The weakness of Judge .Cowen’s position is further illustrated by a not unrealistic hypothetical. Assume that applicable state law requires that all law enforcement officers be at least 21 years of age. May an 18-year old female applicant, whose application for employment with a township police department was denied, proceed to trial on the strength of evidence that the Township Police,Chief has openly expressed his view that women should not be hired as police officers because they do not have the strength necessary to do the work required by the police department? I would suggest that the only rational answer is no. The hypothetical situation is not dissimilar to that here — a remark has been made that can be deemed evidence of discriminatory motive and the plaintiff fails to satisfy an objective qualification for the position. I do not believe that Congress anticipated that a plaintiff who patently failed to show that s/he has the minimum qualifications for the position could proceed to trial because of the Civil Rights Act of 1991.

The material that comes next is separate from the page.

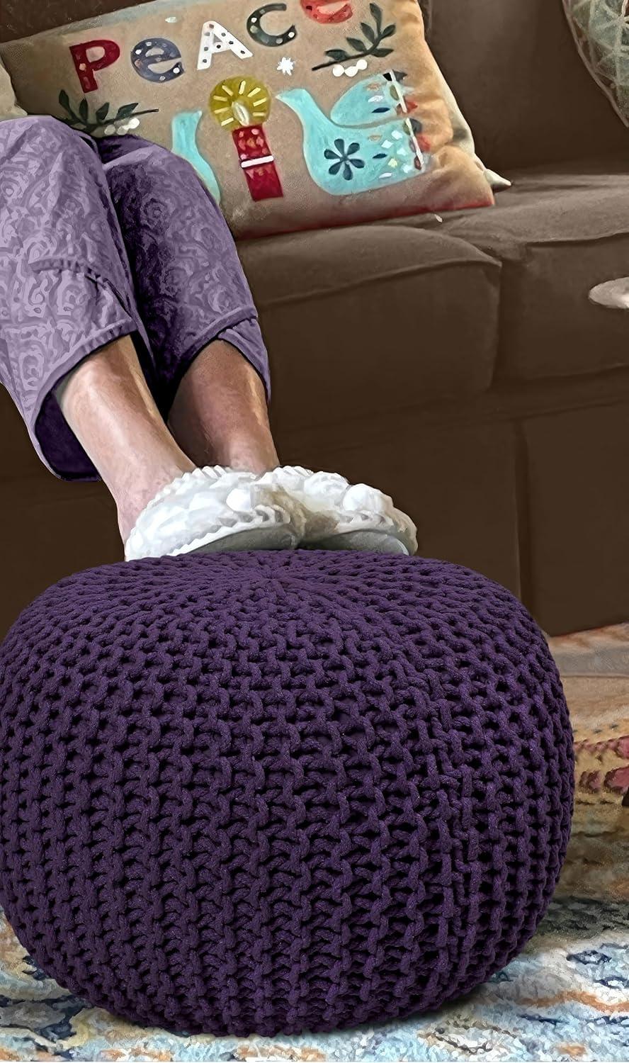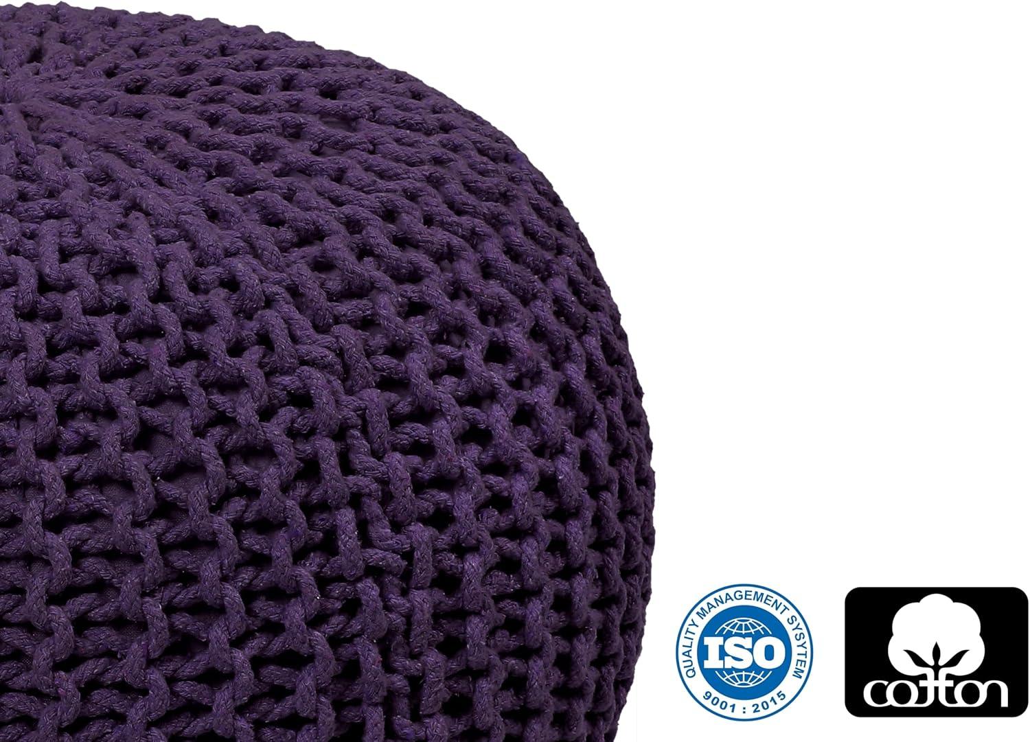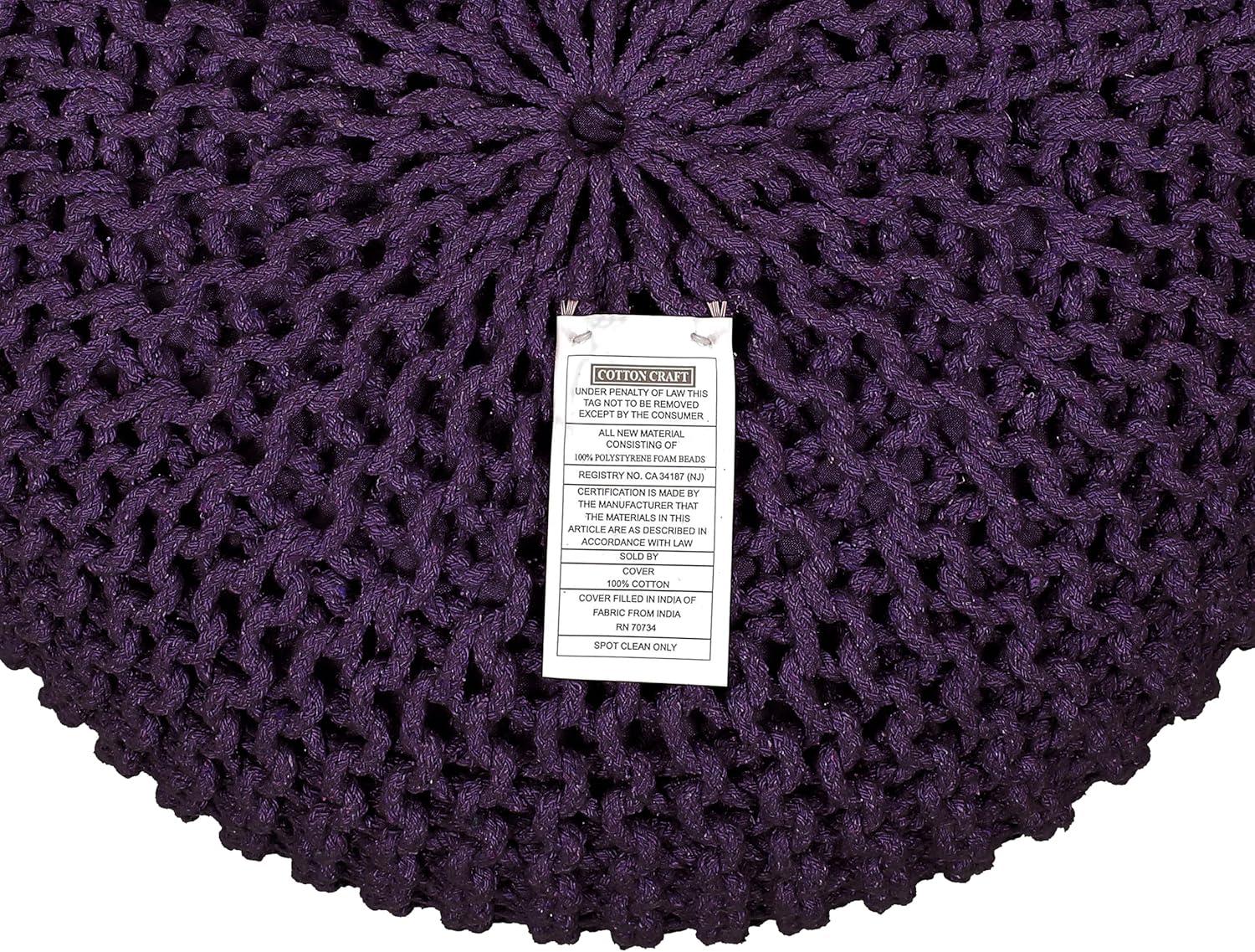 COTTON CRAFT Round Dori Pouf – Cotton Braid Cord Cable Knitted Ottoman – Foot Stool Footrest Floor Pouf Accent Furniture Bean Bag – Living Room Dorm Décor – 20.5 Dia x 13.5 High – Round Ivory Cream(Deep Plum – Round)

Because Hankins failed to satisfy an objective qualification for the Program Director position, I would affirm.
. There is no reason for the majority to be mystified by this assertion. Because of the pendency of this lawsuit, the City was understandably reluctant to find a permanent replacement. Jesse Milan was never employed by the City, having been on loan from Temple University. The other two individuals referred to by the majority, Patricia Bass and Joseph Cronauer, were hired on a contract basis. None of these individuals were hired at time Hankins had applied or Scott had been given the position.
. Another decision targeted, Wards Cove v. Atonio, 490 U.S. 642, 109 S.Ct. 2115, 104 L.Ed.2d 733 (1989), was viewed as retreating from the disparate impact decision in Griggs v. Duke Power Co., 401 U.S. 424, 91 S.Ct. 849, 28 L.Ed.2d 158 (1971), and Albemarle Paper Co. v. Moody, 422 U.S. 405, 95 S.Ct. 2362, 45 L.Ed.2d 280 (1975), by placing the burden on the plaintiff to demonstrate which criteria within a multi-factor employment practice have a disparate impact. Section 105 of the 1991 Act sought to restore the business necessity defense to its pre-Wards Cove status by amending 42 U.S.C. § 2000e-2.